Guilty but not guilty
Finally, remember that it does not necessarily make a dismissal decision unfair if an employer’s finding differs from that reached by an external body. A dismissal will be unfair if it is outside the range of reasonable responses that an employer could make to the situation at issue, taking into account considerations including matters known by the employer at the time. It is also a balance of probabilities test.
An external body will very probably be adopting a different approach, in seeking to decide whether, for example, a breach of their own regulations has occurred. The police will have an eye to the ‘beyond reasonable doubt’ test applied in the courts which requires a higher level of proof. So, there will be times when after a long police investigation, no charges are brought – but that doesn’t mean an employer is unable to dismiss fairly for the same alleged offence, provided it reaches its own decision based on its own reasonable belief.

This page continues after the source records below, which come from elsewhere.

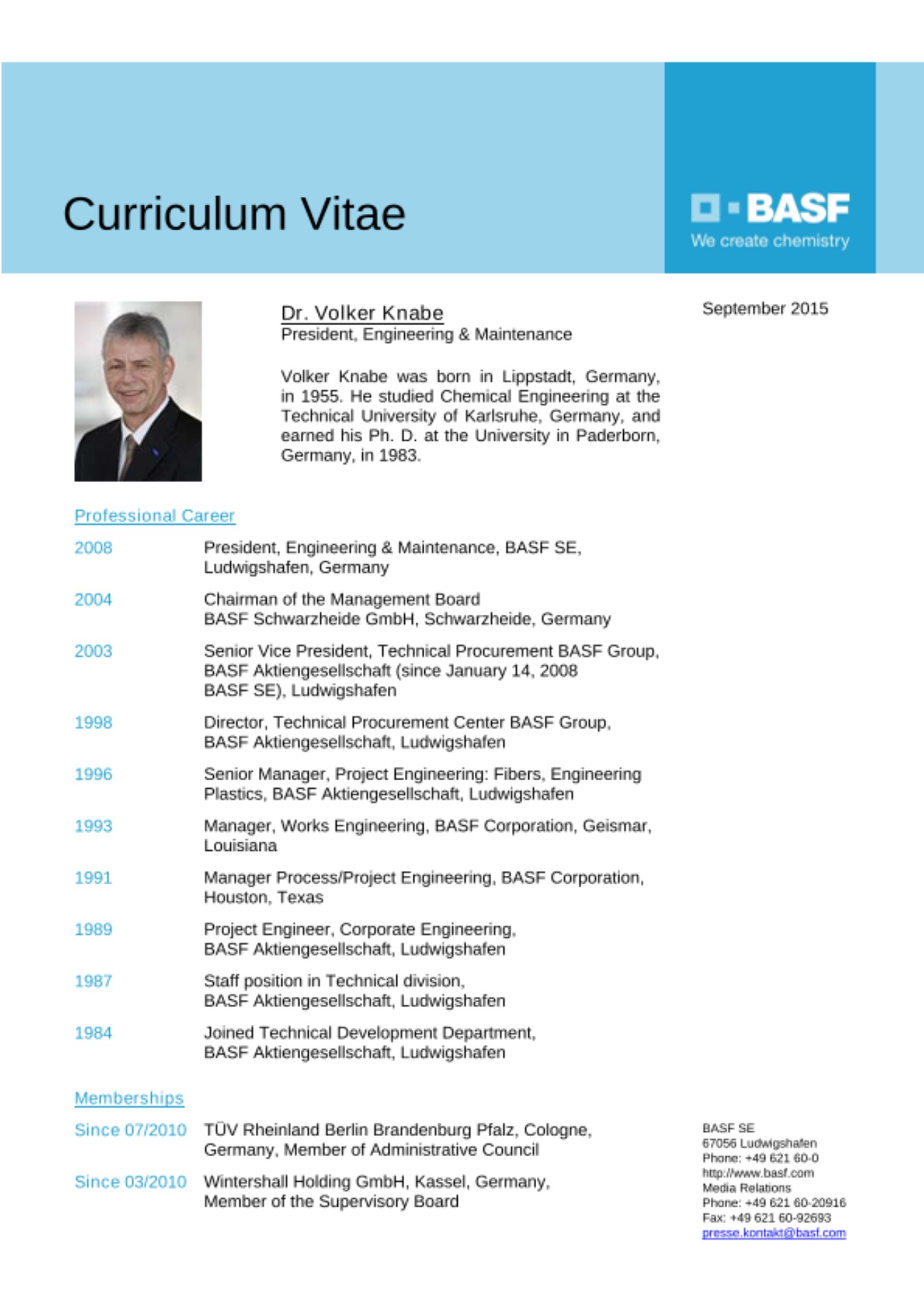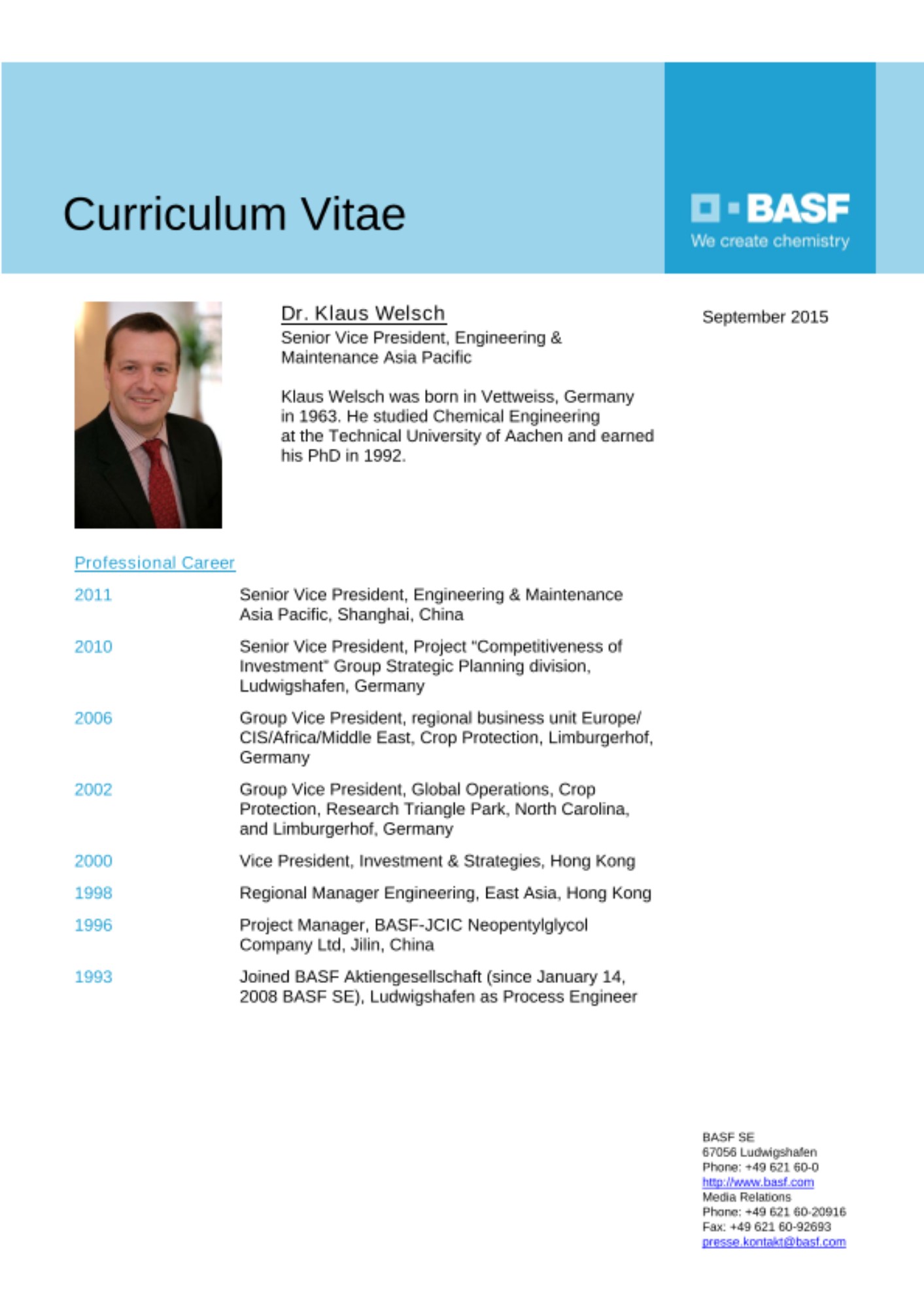 Zum 1. Oktober 2015 übernimmt Dr. Klaus Welsch (52) als President die Leitung von Engineering & Maintenance, Ludwigshafen. Er folgt auf Dr. Volker Knabe (59), der zum 30. September 2015 in Ruhestand tritt.
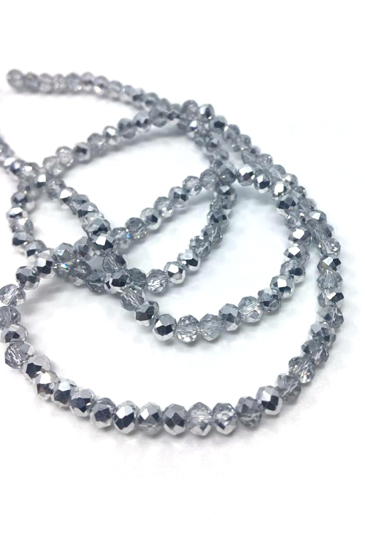 4 Mm Basık Kristal Cam Boncuk Çift Gümüş Renk
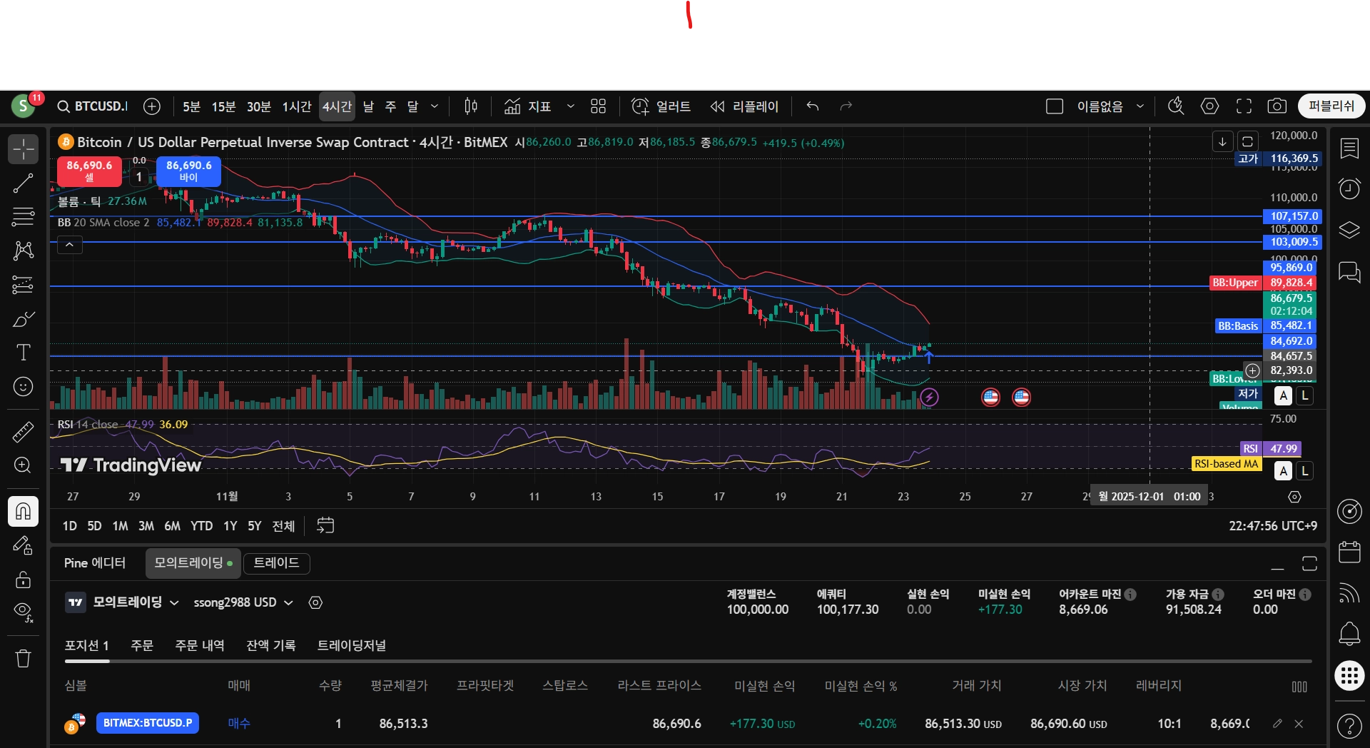 진입근거는 볼린저밴드의 20일선에서 상승 추세로 보고 들어갔습니다

Certainly, though, the scrutiny will be that much more acute in a situation where an employer goes ahead with a dismissal in circumstances where an external body has either exonerated the individual or found a lesser kind of sanction to be appropriate – from a psychological perspective the employee will have breathed a metaphorical sigh of relief at the external finding and will be proportionately more likely to challenge a more hard-line decision by an employer.
Damned if you do, damned if you don’t
Whichever decision an employer takes in these situations, there is a potential for criticism and there is certainly no right or wrong answer – much will depend on the facts (which even as I write it sounds like a typical lawyer’s disclaimer). Certainly, wherever possible there is mileage in collaborating as closely as may be possible with the external body, and at least seeking whether there is scope to have the benefit of using the material uncovered in their investigations, if not being tied to the decision they reach. Being clear with the employee and retaining the ability to adapt one’s approach as the situation unfolds are important starting points.
Meanwhile, employers and employment lawyers are left shaking their heads at the idea that a gross misconduct dismissal doesn’t seem to have been within the range of reasonable responses considered by Newcastle in circumstances where their manager holds his hands up to a physical assault carried out in full view of the TV-watching nation. Surely the fact that there’s rumoured to be no break clause in his eight year contract has nothing to do with it.